--- START ---

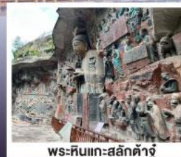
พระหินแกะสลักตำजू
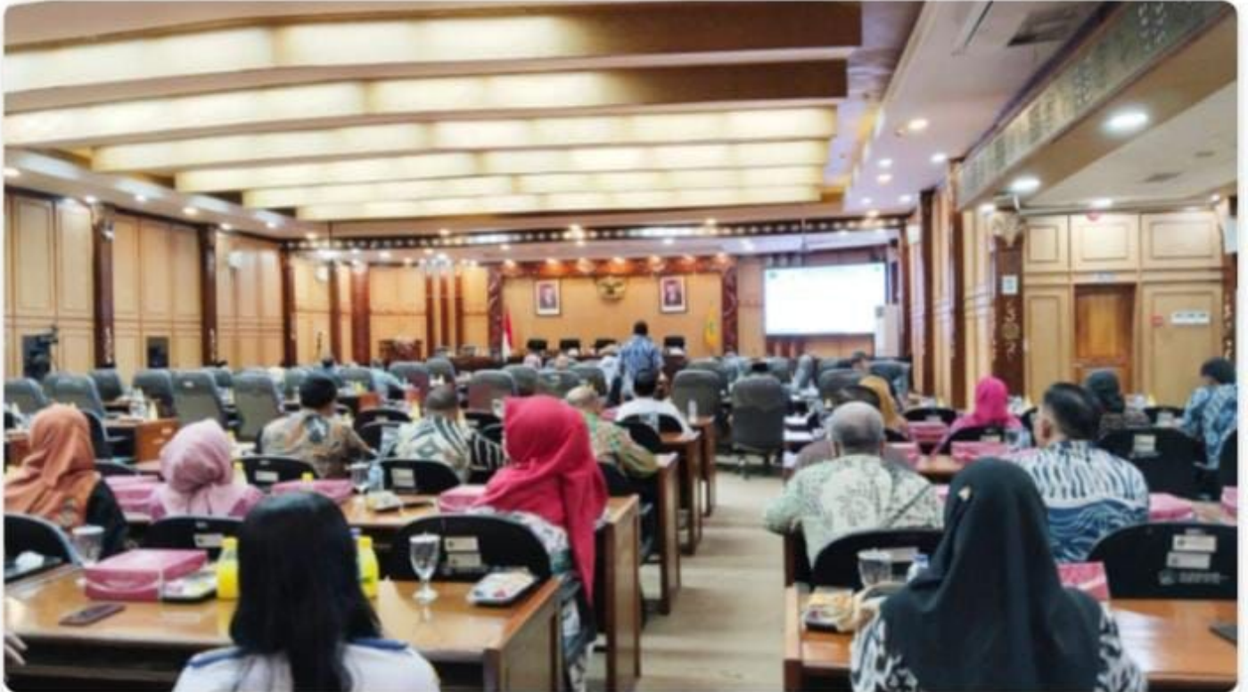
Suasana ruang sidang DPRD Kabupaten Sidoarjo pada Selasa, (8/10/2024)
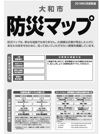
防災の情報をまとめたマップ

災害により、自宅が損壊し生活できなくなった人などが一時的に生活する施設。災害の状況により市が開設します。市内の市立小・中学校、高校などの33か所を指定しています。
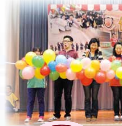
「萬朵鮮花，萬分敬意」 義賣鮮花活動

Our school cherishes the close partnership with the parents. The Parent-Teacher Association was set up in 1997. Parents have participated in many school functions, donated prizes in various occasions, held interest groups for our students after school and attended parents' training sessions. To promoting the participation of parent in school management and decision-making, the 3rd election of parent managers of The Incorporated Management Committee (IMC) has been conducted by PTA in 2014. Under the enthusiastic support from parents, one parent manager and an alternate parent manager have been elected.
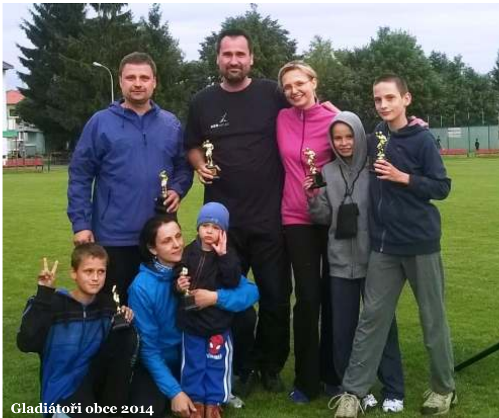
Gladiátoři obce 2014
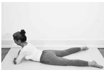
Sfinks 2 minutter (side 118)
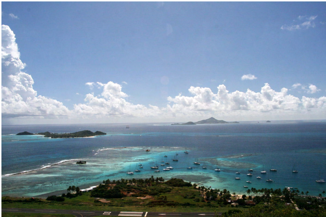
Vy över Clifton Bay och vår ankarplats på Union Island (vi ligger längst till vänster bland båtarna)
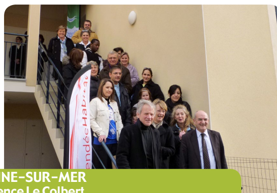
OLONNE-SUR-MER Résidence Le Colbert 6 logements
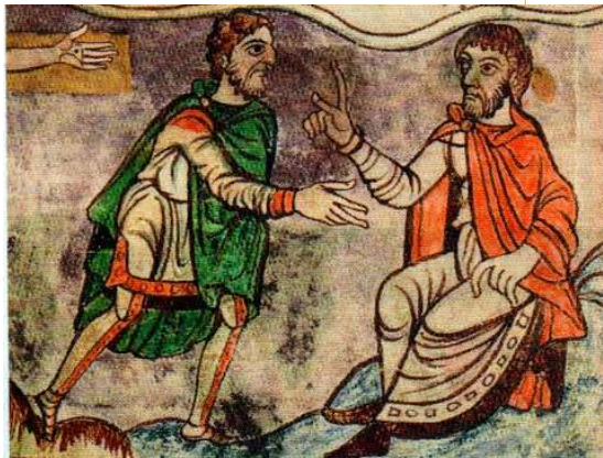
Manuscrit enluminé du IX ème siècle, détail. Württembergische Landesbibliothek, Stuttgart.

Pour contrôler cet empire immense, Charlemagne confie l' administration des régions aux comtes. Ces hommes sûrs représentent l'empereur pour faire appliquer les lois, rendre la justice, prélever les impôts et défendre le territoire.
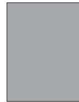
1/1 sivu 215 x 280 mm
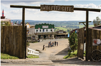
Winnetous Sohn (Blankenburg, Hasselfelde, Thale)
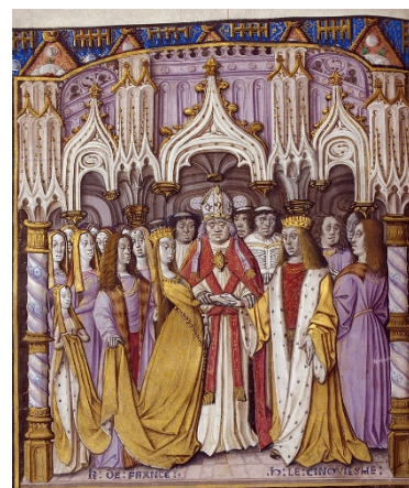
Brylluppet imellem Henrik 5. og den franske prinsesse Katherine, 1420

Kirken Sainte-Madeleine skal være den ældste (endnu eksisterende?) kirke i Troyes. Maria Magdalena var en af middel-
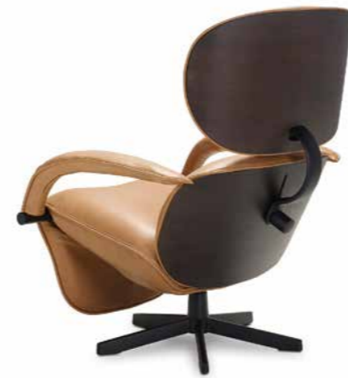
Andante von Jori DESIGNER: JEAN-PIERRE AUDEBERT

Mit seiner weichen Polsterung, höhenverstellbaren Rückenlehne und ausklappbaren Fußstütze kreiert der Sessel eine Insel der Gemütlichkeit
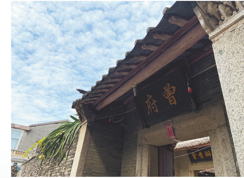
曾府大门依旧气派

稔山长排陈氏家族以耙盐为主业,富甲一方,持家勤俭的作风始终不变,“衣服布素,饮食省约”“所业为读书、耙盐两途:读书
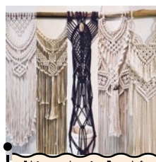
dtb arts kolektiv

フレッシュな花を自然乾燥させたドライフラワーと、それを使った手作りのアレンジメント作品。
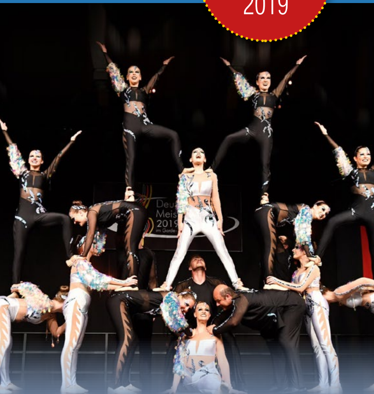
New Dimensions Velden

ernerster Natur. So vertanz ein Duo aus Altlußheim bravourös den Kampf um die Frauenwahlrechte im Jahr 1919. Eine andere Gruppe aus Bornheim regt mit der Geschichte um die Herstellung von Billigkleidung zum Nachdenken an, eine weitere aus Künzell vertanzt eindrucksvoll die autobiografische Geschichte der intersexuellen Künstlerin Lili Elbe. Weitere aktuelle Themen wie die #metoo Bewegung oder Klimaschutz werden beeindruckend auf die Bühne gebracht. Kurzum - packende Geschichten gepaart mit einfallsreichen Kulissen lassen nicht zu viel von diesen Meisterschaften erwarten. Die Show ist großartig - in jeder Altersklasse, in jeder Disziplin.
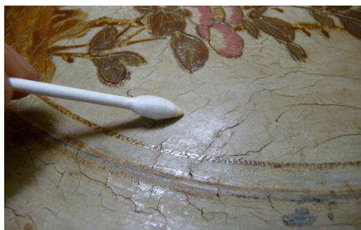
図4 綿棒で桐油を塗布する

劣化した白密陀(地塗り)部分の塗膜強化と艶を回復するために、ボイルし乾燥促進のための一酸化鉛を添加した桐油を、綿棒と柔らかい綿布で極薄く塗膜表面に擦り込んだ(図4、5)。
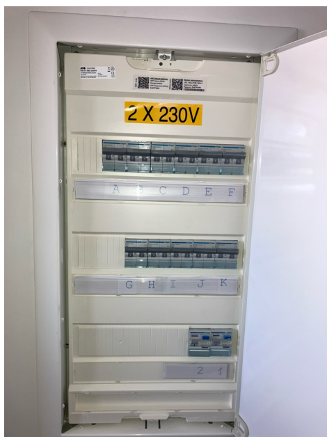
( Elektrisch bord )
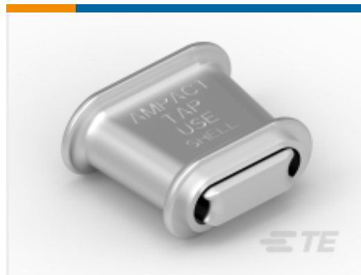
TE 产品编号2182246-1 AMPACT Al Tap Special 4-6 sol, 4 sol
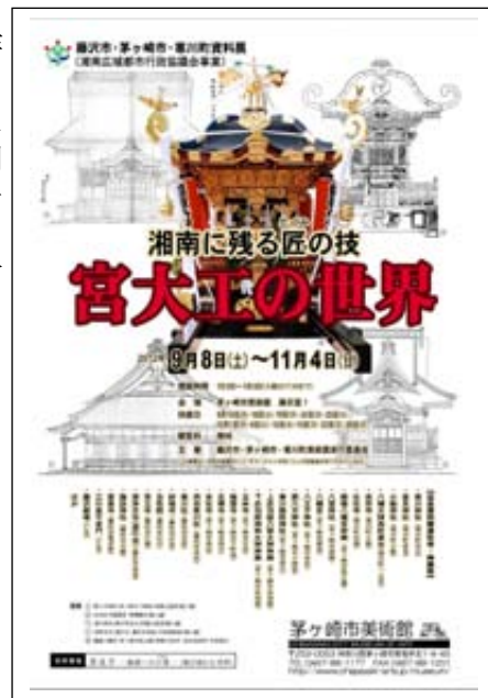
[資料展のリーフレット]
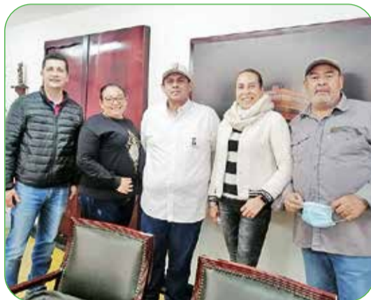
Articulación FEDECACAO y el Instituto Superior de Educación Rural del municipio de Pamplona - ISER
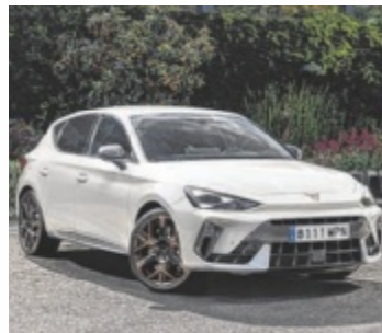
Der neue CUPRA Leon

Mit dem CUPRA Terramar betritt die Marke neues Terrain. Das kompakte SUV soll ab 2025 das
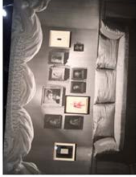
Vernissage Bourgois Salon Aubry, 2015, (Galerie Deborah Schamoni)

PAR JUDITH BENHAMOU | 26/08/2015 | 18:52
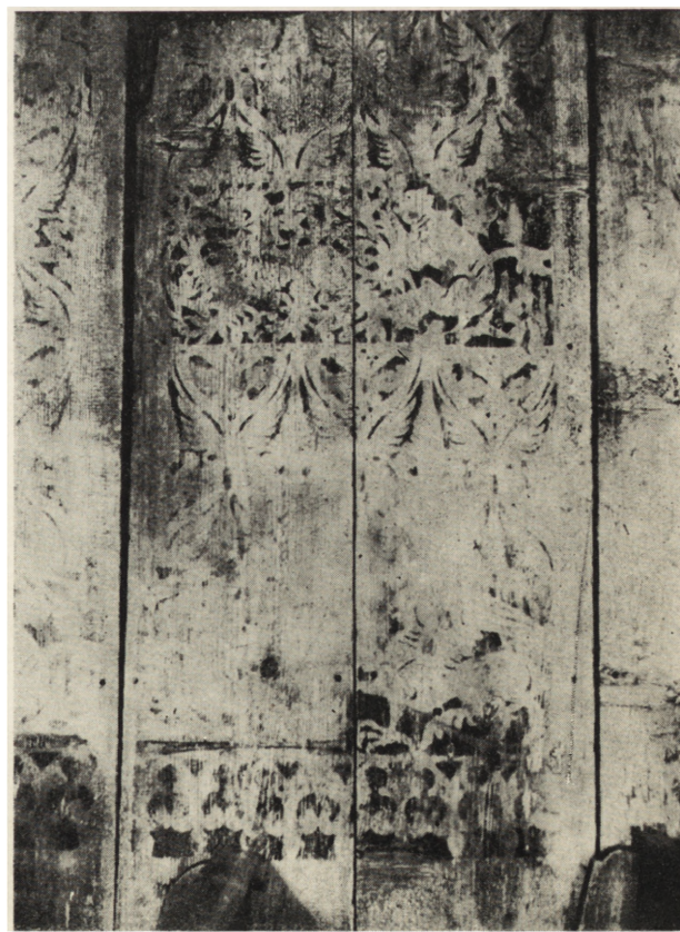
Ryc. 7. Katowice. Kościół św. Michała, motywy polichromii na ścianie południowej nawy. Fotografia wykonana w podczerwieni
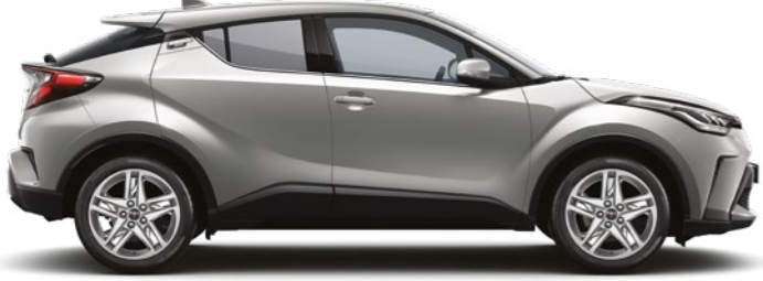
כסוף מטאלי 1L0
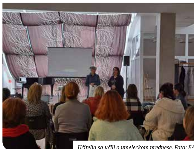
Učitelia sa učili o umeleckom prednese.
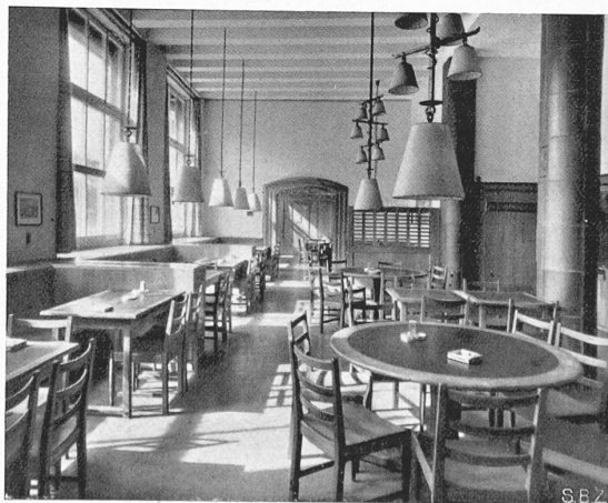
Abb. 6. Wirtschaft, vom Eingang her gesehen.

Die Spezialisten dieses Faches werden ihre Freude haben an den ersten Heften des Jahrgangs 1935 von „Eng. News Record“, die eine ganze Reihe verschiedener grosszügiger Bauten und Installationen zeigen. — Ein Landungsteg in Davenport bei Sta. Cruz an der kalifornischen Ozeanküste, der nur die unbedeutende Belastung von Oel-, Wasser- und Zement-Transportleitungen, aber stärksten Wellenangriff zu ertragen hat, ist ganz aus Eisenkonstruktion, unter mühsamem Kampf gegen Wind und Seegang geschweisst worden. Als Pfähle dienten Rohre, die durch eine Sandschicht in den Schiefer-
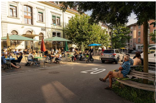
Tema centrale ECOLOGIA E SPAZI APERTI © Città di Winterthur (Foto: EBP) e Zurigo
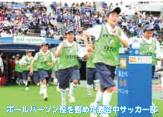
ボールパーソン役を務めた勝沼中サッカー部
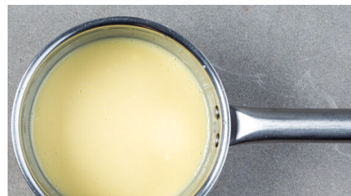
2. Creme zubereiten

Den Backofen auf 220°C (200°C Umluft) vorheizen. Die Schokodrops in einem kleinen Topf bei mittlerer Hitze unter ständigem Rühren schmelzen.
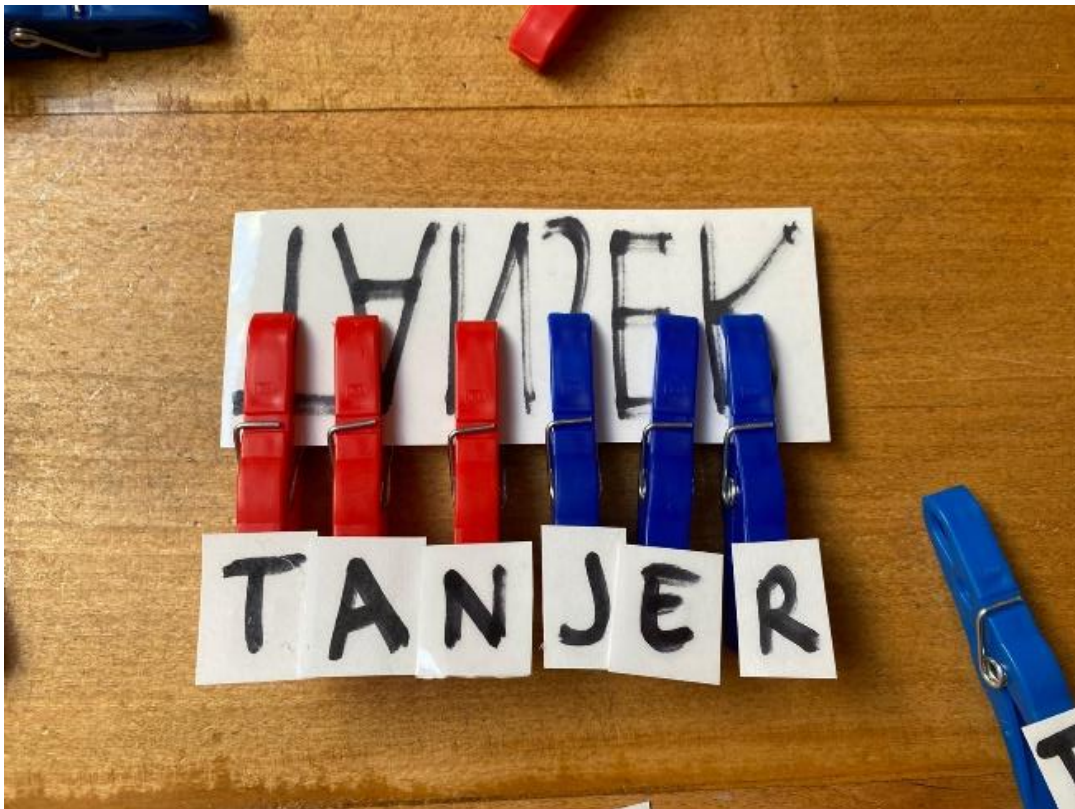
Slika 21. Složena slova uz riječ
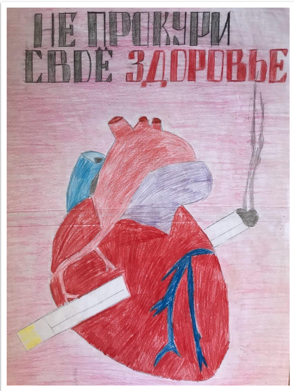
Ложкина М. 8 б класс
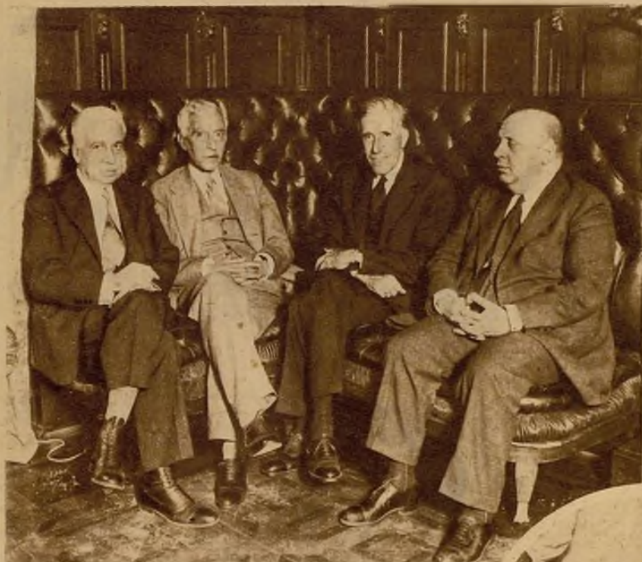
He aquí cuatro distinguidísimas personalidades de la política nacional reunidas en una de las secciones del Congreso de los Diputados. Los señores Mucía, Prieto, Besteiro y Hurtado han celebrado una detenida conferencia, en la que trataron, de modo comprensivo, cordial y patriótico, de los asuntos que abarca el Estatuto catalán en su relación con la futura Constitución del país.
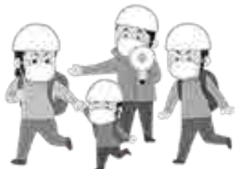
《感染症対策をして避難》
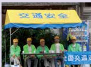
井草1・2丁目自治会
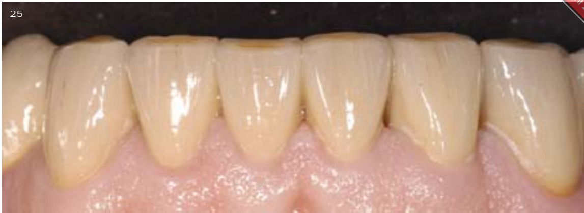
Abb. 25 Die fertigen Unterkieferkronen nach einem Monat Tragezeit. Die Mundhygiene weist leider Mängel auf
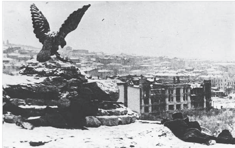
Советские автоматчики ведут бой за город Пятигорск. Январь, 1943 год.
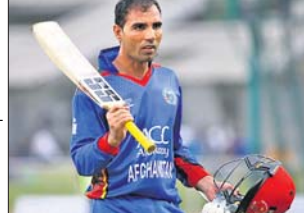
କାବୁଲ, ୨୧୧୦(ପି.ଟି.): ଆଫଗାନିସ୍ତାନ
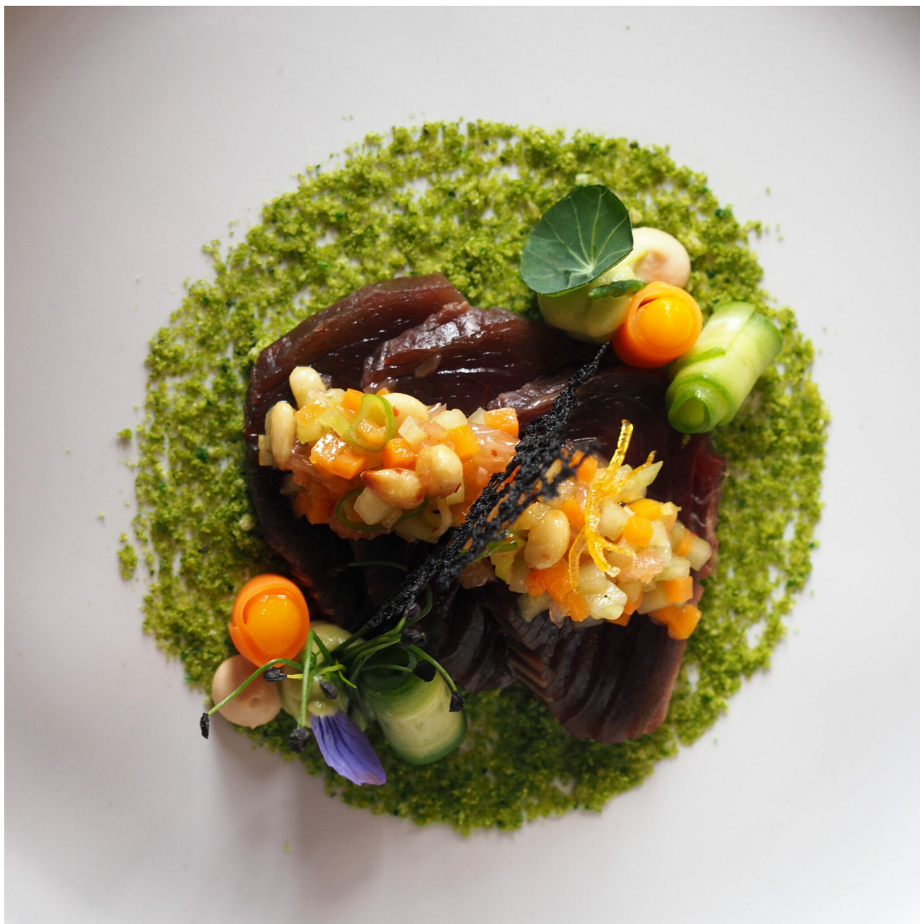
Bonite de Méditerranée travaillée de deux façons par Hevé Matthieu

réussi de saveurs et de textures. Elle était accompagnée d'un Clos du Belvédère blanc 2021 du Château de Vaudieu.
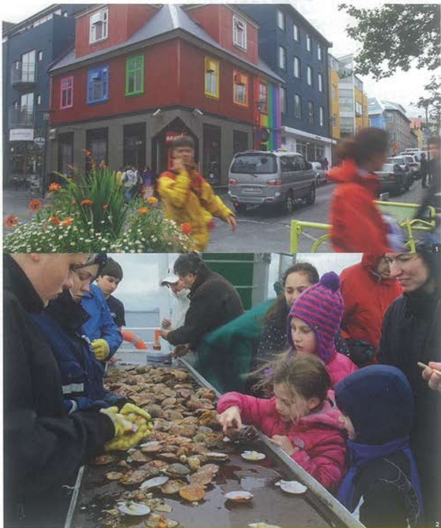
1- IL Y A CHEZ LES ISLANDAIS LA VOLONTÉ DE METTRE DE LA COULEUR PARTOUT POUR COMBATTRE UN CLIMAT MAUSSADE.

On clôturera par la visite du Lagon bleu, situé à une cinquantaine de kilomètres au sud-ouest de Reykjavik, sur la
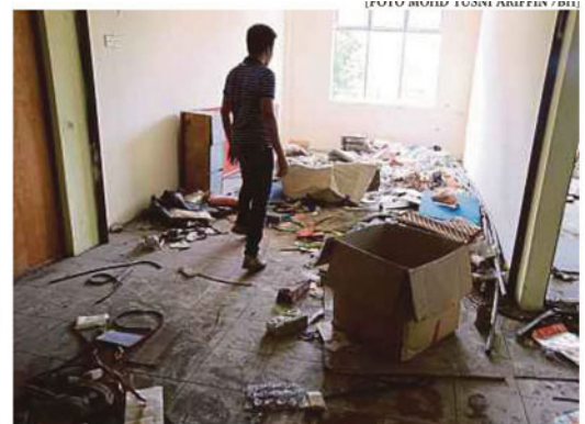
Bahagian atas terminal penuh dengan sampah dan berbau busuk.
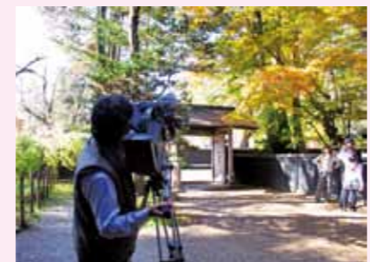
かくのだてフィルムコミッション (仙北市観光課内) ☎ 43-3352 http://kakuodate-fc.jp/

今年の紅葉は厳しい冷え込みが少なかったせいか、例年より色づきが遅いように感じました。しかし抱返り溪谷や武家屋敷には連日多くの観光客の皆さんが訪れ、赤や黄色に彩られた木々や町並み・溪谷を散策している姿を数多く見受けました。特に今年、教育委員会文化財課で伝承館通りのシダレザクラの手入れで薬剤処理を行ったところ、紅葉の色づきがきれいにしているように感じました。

--- END ---

### Exercise requirements
Would you give again exactly the lines from the line containing "réussi de saveurs" through the end of the listing, both ends included, without any pictures?

### Reply to the exercise
réussi de saveurs et de textures. Elle était accompagnée d'un Clos du Belvédère blanc 2021 du Château de Vaudieu.
1- IL Y A CHEZ LES ISLANDAIS LA VOLONTÉ DE METTRE DE LA COULEUR PARTOUT POUR COMBATTRE UN CLIMAT MAUSSADE.

On clôturera par la visite du Lagon bleu, situé à une cinquantaine de kilomètres au sud-ouest de Reykjavik, sur la
Bahagian atas terminal penuh dengan sampah dan berbau busuk.
かくのだてフィルムコミッション (仙北市観光課内) ☎ 43-3352 http://kakuodate-fc.jp/

今年の紅葉は厳しい冷え込みが少なかったせいか、例年より色づきが遅いように感じました。しかし抱返り溪谷や武家屋敷には連日多くの観光客の皆さんが訪れ、赤や黄色に彩られた木々や町並み・溪谷を散策している姿を数多く見受けました。特に今年、教育委員会文化財課で伝承館通りのシダレザクラの手入れで薬剤処理を行ったところ、紅葉の色づきがきれいにしているように感じました。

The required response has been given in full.